1. Find books to upload
Locate the books you want to import into LUNA in the Open Library and/or Internet Archive. Choose "Read Online" by clicking the Read icon next to a book. (Note: if a Read icon does not appear next to the book in the Open Library search results, the book is not available to add.)
2. Create a spreadsheet
This spreadsheet will contain only two columns. The first row MUST contain text, so label Column 1 "URL", and Column 2 "Page Number" for example.
Copy the URL for each book and paste into the first column of the spreadsheet.
Find the thumbnail image number by viewing the book in One-Page view mode, and count until you've reached the image you want. This thumbnail image number is the image you want to represent the book in the Thumbnail View in LUNA, and will be the number you will enter in column 2 of your spreadsheet.
For each book, add a new line in your spreadsheet. Save your spreadsheet as a CSV (Comma Separated Values) file.
Note: Alternatively, instead of creating a spreadsheet and converting it to a CSV file, you can also just create a text file with new lines for each additional book and image number. After the URL to the book, include a comma and then page number you want to be the thumbnail image.
Example: http://www.archive.org/stream/greatexpectatio00dickgoog#page/n10/mode/2up,12
3. Load the spreadsheet into Studio
Open Studio and select the collection you'll add the books to. Select the "Import Book" task from the Studio Main Task Menu.
Click New to create a new batch. The new batch will just contain the spreadsheet created in step 2. The batch in the left panel will show the date and time it was created. If you do not create a new batch, a batch will be automatically generated whenever you add content to the Process List.
- Under the Process List tab make sure to leave the Build Book box unchecked.
Either drag each folder containing the book components from where they are stored on your file system and drop them onto the Process List panel to the right of the Batch panel; or find the folders containing each book by clicking Browse and importing them from your file system to the Process List.
4. Import the spreadsheet
Once the Process List contains the books you wish to import, click Import. A status message will appear to indicate Pending, Processing, Uploading, or Complete for each book. When the entire batch has been processed completely, Finished Importing Media will appear at the top.
5. Add a Linking file
This step ensures your cataloged data will be correctly linked to your BookReader objects. If you did not upload a cataloged CSV file for these BookReader objects skip this step and manually link your records to BookReader objects using Inscribe.

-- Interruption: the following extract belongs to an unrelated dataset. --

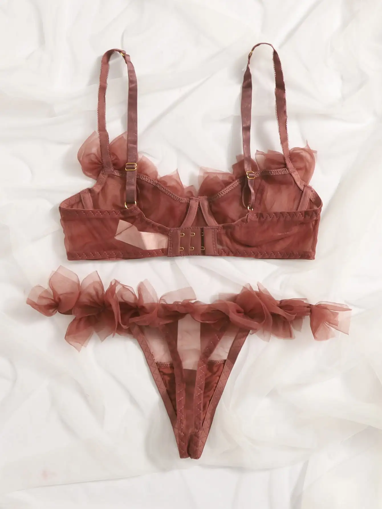 Hot Summer Sexy Girl Underwear Set Transparent Sheer Mesh Underwire Lingerie Set

Select the batch that you want to apply the links to. Click on the Linking tab and select "Use External Mapping File".
This linking file is a simple text file containing two columns. The first column must be the unique identifier or URL for each book.
The unique identifier is part of the URL. In this example URL http://www.archive.org/stream/greatexpectation03dick#page/n3/mode/2up* the unique identifier is *greatexpectation03dick.
The second column is the value in the database you are linking to- what you will select from the Mapping Field Name pull down menu (for example: Identifier; Title; etc).
After uploading the linking file, select the Mapping Field Name.
6. Publish BookReader objects
Proceed to the Publish tab. Select "All unpublished Media" and then "Apply Changes".
Congratulations, you've now created and uploaded BookReader objects to Insight. To view these objects in LUNA proceed to the steps involved in Publishing a Collection to LUNA. Once you've completed the steps involved in publishing a new collection to LUNA, or updating an existing collection, your users will now see the BookReader objects in LUNA.